Minął tydzień od mojego przyjazdu do Indii. Cały ten czas minął niezwykle szybko, głównie przez natłok zadań. Codziennie miałam lekcje języka, etykiety, czy historii dynastii. Z Zayn'em widziałam się bardzo krótko, najczęściej wieczorami. Jednakże, każdą noc spędzaliśmy osobno. On nawet nie próbował zakraść do mnie, bo po wielogodzinnych spotkaniach był po prostu wyczerpany.
Nawiązałam dobry kontakt z siostrami mojego chłopaka. One również miały sporo nauki, ale znajdywałyśmy czas dla siebie. Opowiadały mi sporo o tradycjach rodzinnych, czy skrywanych tajemnicach. Niestety, rodzice Zayn'a nie byli tak przyjaźnie nastawieni. Przy posiłkach wciąż rozmawiali w hindi, którego jeszcze nie rozumiałam. Traktowali mnie, jak powietrze.
Za to moi rodzice dzwonili często. Dziadek wciąż u nich był, więc i z nim udało mi się porozmawiać. Moja siostra skakała z radości, gdy zakończył się jej semestr szkolny i miała upragnione wakacje. Pojechała też z mamą odebrać moje świadectwo ukończenia liceum. Niestety, w związku z moim przyjazdem do Indii zwiększyło się zainteresowanie moją rodziną. Notorycznie byli zatrzymywani przez dziennikarzy, którzy wypytywali o mnie i moją relację z Zayn'em. Telefony rozdzwaniały się z propozycjami wywiadów, czy prośbami o skontaktowanie ich ze mną. Liczyliśmy na to, że wkrótce to ucichnie.

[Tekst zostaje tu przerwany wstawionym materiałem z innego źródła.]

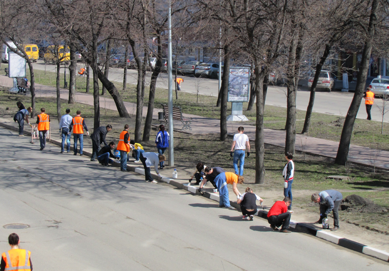 В этом году почётное право покрасить бордюры досталось дорожному комитету. Офисные сотрудники, одетые явно не по форме под «кислотными» жилетами, отмывают бордюры от грязи и покрывают краской. Делают они это с видимым удовольствием: после затяжных метелей и дождей первые по-летнему солнечные и тёплые дни просто шепчут о прогулках на свежем воздухе.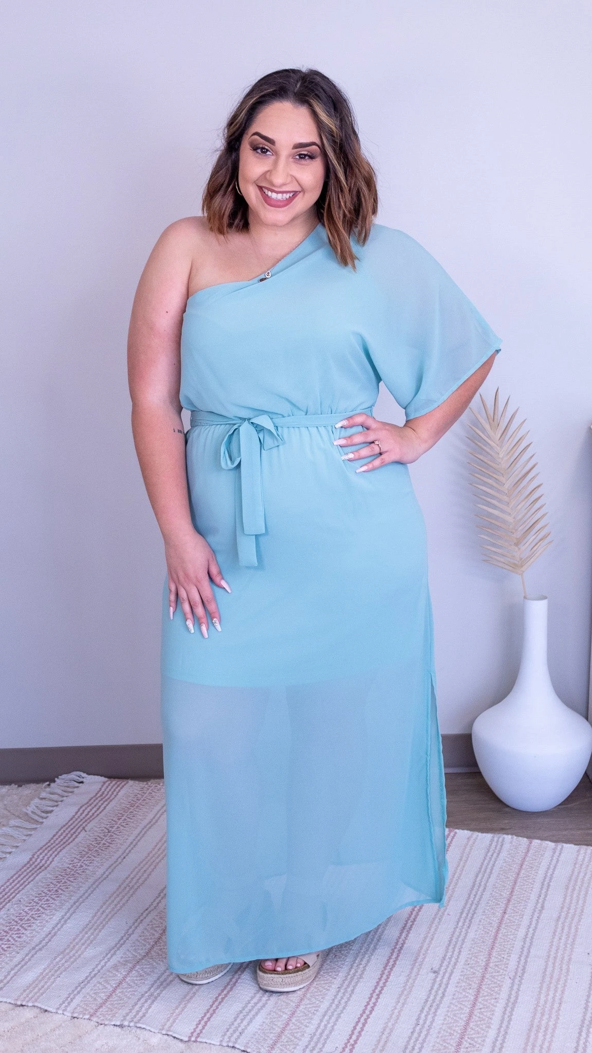 Features:One shoulder sleeve, Side slits, Sash bow, Tiered detail

Media rozpisywały się też na temat tego, że pojawiłam się na placu, Zayn przytulił mnie na oczach całego świata, a pałac wciąż nie wydał oficjalnego oświadczenia dotyczącego naszej relacji, ucieczki, czy ślubu.
Wiedziałam jednak, że takowe oświadczenie było przygotowywane. Z tego powodu zaplanowano spotkanie z Arash i jej rodzicami. Mieli przyjechać do nas specjalnie z Delhi, by przedyskutować kwestię oraz wystąpić na oficjalnym wiecu.
Tego dnia miałam mieć zupełnie inny plan dnia. Śniadanie dostałam do łóżka, co było niesamowicie przyjemne. Zaraz potem w moim pokoju znalazła się fryzjerka, makijażystka i stylistyka. Nie odzywając się ani słowem, wykonały swoją pracę.
Zapinając zamek od granatowej sukienki, w której miałam wystąpić czułam się skrępowana. Moje długie włosy spięte były w idealny kok przy szyi. Włożyłam granatowe klasyczne szpilki, a ciało spryskałam perfumami. Wyglądałam bardzo elegancko, co lekko mnie postarzało. Nie pasowało to do mnie.
Zapięłam naszyjnik i spojrzałam w lustro, wyglądałam bez żadnego wyrazu. To nie był mój styl. Niestety, taki dostałam rozkaz.
Szłam zdecydowanym krokiem do sali konferencyjnej, gdzie miało odbyć się spotkanie. Prowadził mnie tam Ratish oczywiście w zupełnej ciszy.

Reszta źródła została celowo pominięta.